Christina Suzann Nelson says
Love this post! It’s so very you. By the way, I loved the first two book also, but I know you’ve got so many more stories in you. Can’t wait to hold your book in my hand.
Jen says
HA! As a matter of fact, I DO know what it’s like to be forced into becoming the writer you don’t want to be! LOL Painful, but fun 🙂
Carrie Lynn Lewis says
Jodie,
Okay.
How did you know what my writing life has been like the last year or so?
Have you been peeking? Monitoring my computer? Getting messages from little birds?
I’ve been having a struggle similar to yours with a story that feels so far over my head that I feel absolutely and completely inept. It has a military theme. The lead is a retired Marine who did special ops. This gal has a black-and-white, engineering, analytical personality and that’s how she sees life. We do not get along. At. All. She won’t talk to me and, quite frankly, she intimidates me six ways from Sunday.
I haven’t worked on the story since January or February this year, but I can’t shake it. Like you, I feel compelled to do something with it. I just don’t know what.
And scared? Spitless!
Consequently, I found this post very informative and encouraging. As if God is telling me, “Look at Jodie. See what she’s doing? You can do that, too.”
Thanks! I look forward to Part 2.
Jodie says
Carrie, thank you so much for commenting. You don’t know how much that means. I nearly didn’t write this post, but then today I just had to. Think God was up to something? My thought is–and I forgot to put this in the blog post–when Satan kicks at you the hardest, then it’s time to pay attention and see if it’s what God really wants you to do.
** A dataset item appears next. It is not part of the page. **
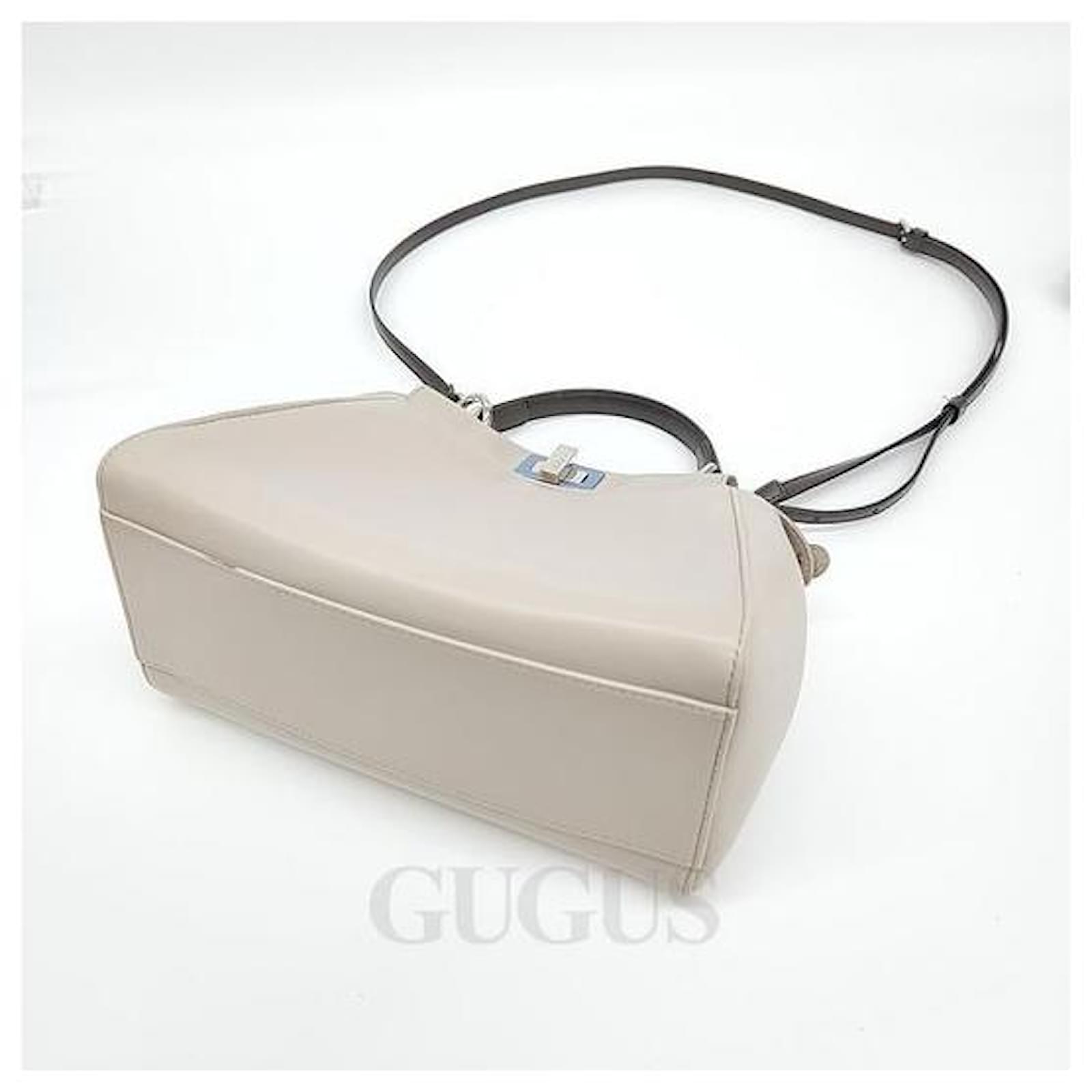 Contents: It is made of gray tone leather, matched with blue colored hardware, and has a separate storage space with a detachable turnlock strap, making it a practical tote and shoulder bag. There is a strap purchased separately. Body - Body stains and wear, hardware scratches Handle - Good / Strap good Strap (used) - Minor glaze wear Interior - Interior Good except for silver stains Edges - wear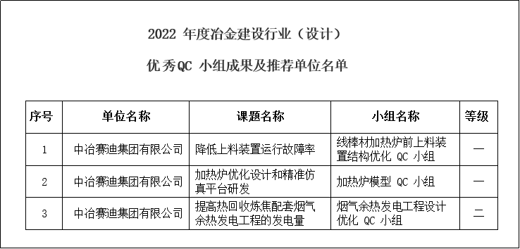 5月23日,中国冶金建设协会设计委员会公布了2022年度冶金建设行业优秀QC小组成果获奖情况,热工环保三项QC小组成果获奖。其中《降低上料装置运行故障率》《加热炉优化设计和精准仿真平台研发》两项QC成果荣获一等奖,《提高热回收炼焦配套烟气余热发电工程的发电量》QC成果荣获二等奖。

Satan will leave you alone… until you start doing what God wants. Then he’ll stumble you all the way. And believe me, I could NOT get Cassie to talk to me for anything in the world, because we are NOT alike. But she came out wonderfully in the end. 🙂
Carrie Lynn Lewis says
Jodie,
I think that’s true. I just read part two and discover I’m in the same place you were, with story ideas that fall flat. My plateau is usually 20,000 words, though.
Last week, I found a post by Janice Hanna Thomas titled Seven Days to Better Writing. I didn’t think I needed the day-by-day exercises, but decided a couple days to do them anyway. Today will be Day Four (or maybe it’s Day Five).
One of the first exercises was to list things that make sense based on my interests and life experiences. It was an interesting list, but nothing really motivating.
Then my husband suggested making a companion list. Things I’m interested enough in to want to research. I’m doing that today.
I still don’t know what exactly it is I’m supposed to be doing, but I’m certain it will be revealed whether it’s through this exercise, reading posts like yours, or through some other avenue. The answer is there.